Holger intercambió una mirada con el sacerdote.

—Enferma —dijo el danés—. No es dueña de su propia voluntad. No puede evitarlo.

Yve miraba como si estuviera ciego.

—Había pensado que sería ella —murmuró—. Cuando el lobo entró corriendo, pasó a mi lado, y yo sabía dónde estaban Blancheflor y Gui… cerré la puerta. Esperaba que esto pudiera pasar hasta que se fuera…

Holger cuadró sus hombros. —No veo por qué no va a ser así —respondió—. La idea es totalmente sensata, tal como yo veo el asunto. Que se vaya lo bastante lejos y la influencia del Mundo Medio será demasiado débil para afectarla. Hasta entonces, desde luego, tendréis que tenerla bajo vigilancia. Ahora está apenada, pero creo que no durará.

—Lo estará al amanecer, cuando despierte su alma humana —dijo el sacerdote—. Entonces necesitará verdaderamente consuelo.

—Bien —dijo Holger—, nada demasiado grave ha sucedido nunca. Su padre puede pagar compensaciones a los que sufrieron pérdidas y a los padres cuyos hijos fueron heridos. Mandadla al Vienne, lo antes posible. Yo diría que 200 kilómetros serán suficientes para estar segura. Nadie en el Imperio ha de saberlo.

Raoul, con un ojo amoratado, se arrojó a los pies de sir Yve mientras Odo, con una nariz que sangraba, trataba de liberar al caballero y a su hijo.

—Amo, perdónanos —suplicó el campesino.

Yve mostró una sonrisa fatigada.

—Me temo que soy yo quien debe pediros perdón. Y sobre todo a vos, sir Holger.

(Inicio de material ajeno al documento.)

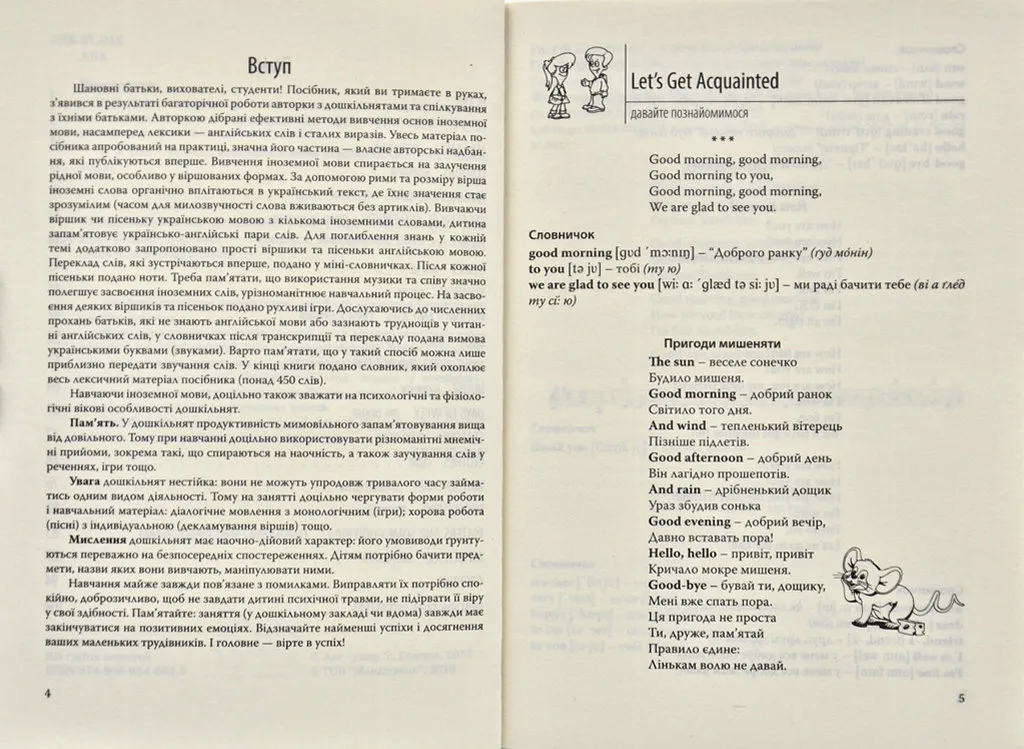 Посібник пропонує нестандартні прийоми навчання англійської мови дошкільнят.Відповідно до вікових особливостей дітей дібрано тематику спілкування, лексичні одиниці, комунікативні ситуації. Вірші, пісеньки, ігри сприятимуть швидкому запам’ятовуванню англійських слів, виразів та цілих речень. Розвивальні ігри, подані у посібнику, допоможуть узагальнити і закріпити знання, вміння та навички дошкільнят та учнів початкових класів.Для батьків, учителів англійської мови в дошкільних закладах та загальноосвітніх школах, студентів.

Raimberge levantó su cara humedecida.

—Llevadme —dijo, y empezó a tartamudear—. Sient… sient… siento que la oscuridad retorna. Encerradme hasta el amanecer —dijo extendiendo los brazos hacia las cuerdas que le quitaban a su padre—. Mañana, sir caballero, podré agradeceros verdaderamente… que hayáis salvado mi alma del infierno.

Frodoart abrazó las rodillas de Holger.

—El Defensor ha venido —dijo.

—¡Oh, señor! —protestó el danés—. Por favor, no decid cosas absurdas. Quiero decir que odio las escenas emocionales y sólo vine aquí para conseguir una comida. ¿Pero podría tomar primero algo de vino?